Source records:
*****
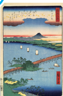
歌川広重「魚米板」 近江八景「瀬田夕照」

近江八景は、中国の景勝地である「瀟湘八景」になぞらえて、近江南部からえらばれた8つのすばらしい景色のことです。江戸時代初めごろに公家の近衛信尹が膳所城から見える範囲で選んだとする説が有力となっています。近江八景は、屏風絵や絵画作品の画題として取り上げられ、初代歌川広重や葛飾北斎などが浮世絵として出版したことによって多くの人に知られるようになりました。近江八景のうち「瀬田夕照」を描いた浮世絵は、夕焼けが照らし出す湖岸の風景だけでなく、瀬田橋や行き交う人々や船の様子を表しています。
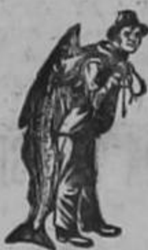
Con esta marca.

es única en su clase. Sus virtudes extraordinariamente curativas justifican nuestro consejo:
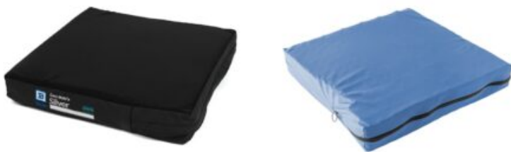
Funda exterior extra cojín Geo- Matrix™ Funda interior extra cojín Geo- Matrix™
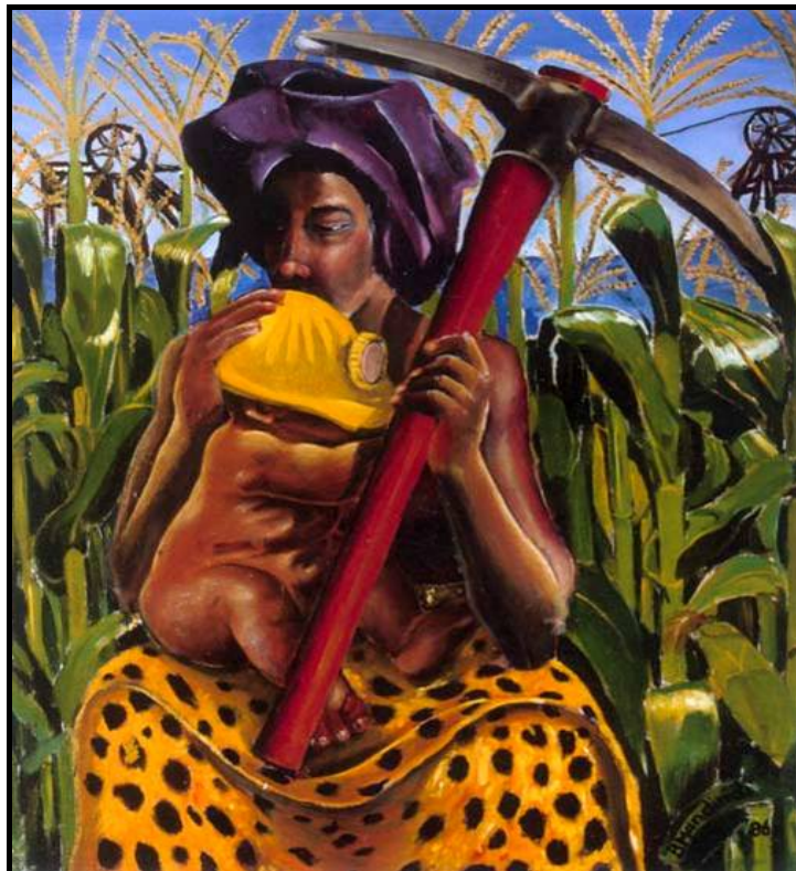
FIGUUR 6b: Billy Mandindi, African Madonna (Afrika-Madonna) , olieverf op doek, 1986.
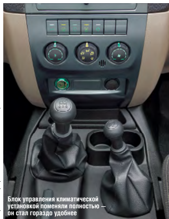
Блок управления климатической установкой поменяли полностью — он стал гораздо удобнее

В системе отопления и кондиционирования наконец-то появились новые воздуховоды: салон стал прогреваться и проветриваться быстрее. Блок управления «климатом» обзавелся удобными «маховичками», которые используются большинством автопроизводителей.
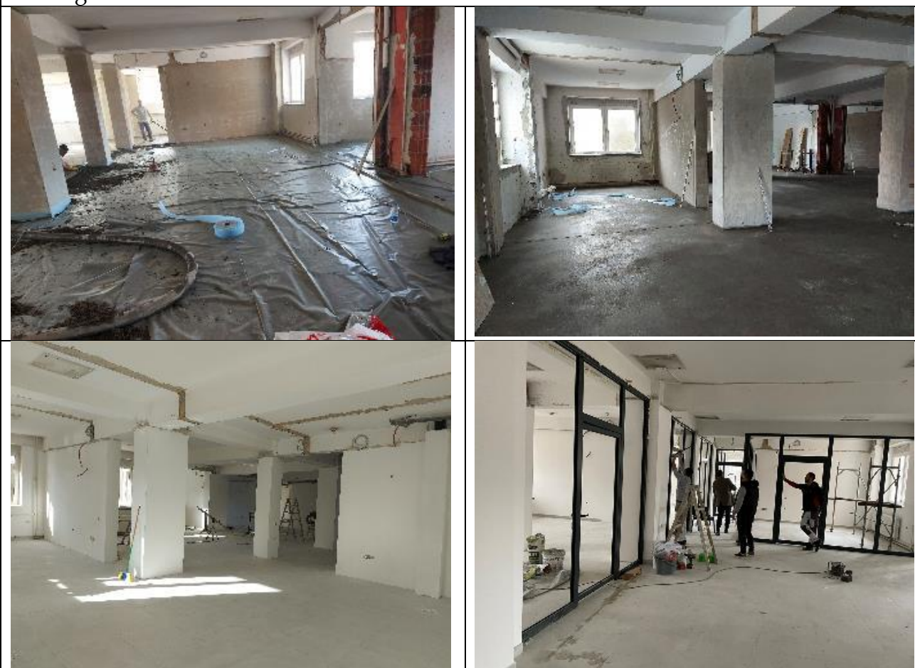
Foto nga tereni
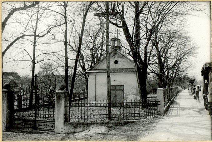
FOT.2 WIDOK OGÓLNY NA CMENTARZ Z ULICY, OD STRONY WSCHODNIEJ
*****
Problem
Would you transcribe all of the data exactly, apart from its pictures?

Task response
歌川広重「魚米板」 近江八景「瀬田夕照」

近江八景は、中国の景勝地である「瀟湘八景」になぞらえて、近江南部からえらばれた8つのすばらしい景色のことです。江戸時代初めごろに公家の近衛信尹が膳所城から見える範囲で選んだとする説が有力となっています。近江八景は、屏風絵や絵画作品の画題として取り上げられ、初代歌川広重や葛飾北斎などが浮世絵として出版したことによって多くの人に知られるようになりました。近江八景のうち「瀬田夕照」を描いた浮世絵は、夕焼けが照らし出す湖岸の風景だけでなく、瀬田橋や行き交う人々や船の様子を表しています。
Con esta marca.

es única en su clase. Sus virtudes extraordinariamente curativas justifican nuestro consejo:
Funda exterior extra cojín Geo- Matrix™ Funda interior extra cojín Geo- Matrix™
FIGUUR 6b: Billy Mandindi, African Madonna (Afrika-Madonna) , olieverf op doek, 1986.
Блок управления климатической установкой поменяли полностью — он стал гораздо удобнее

В системе отопления и кондиционирования наконец-то появились новые воздуховоды: салон стал прогреваться и проветриваться быстрее. Блок управления «климатом» обзавелся удобными «маховичками», которые используются большинством автопроизводителей.
Foto nga tereni
FOT.2 WIDOK OGÓLNY NA CMENTARZ Z ULICY, OD STRONY WSCHODNIEJ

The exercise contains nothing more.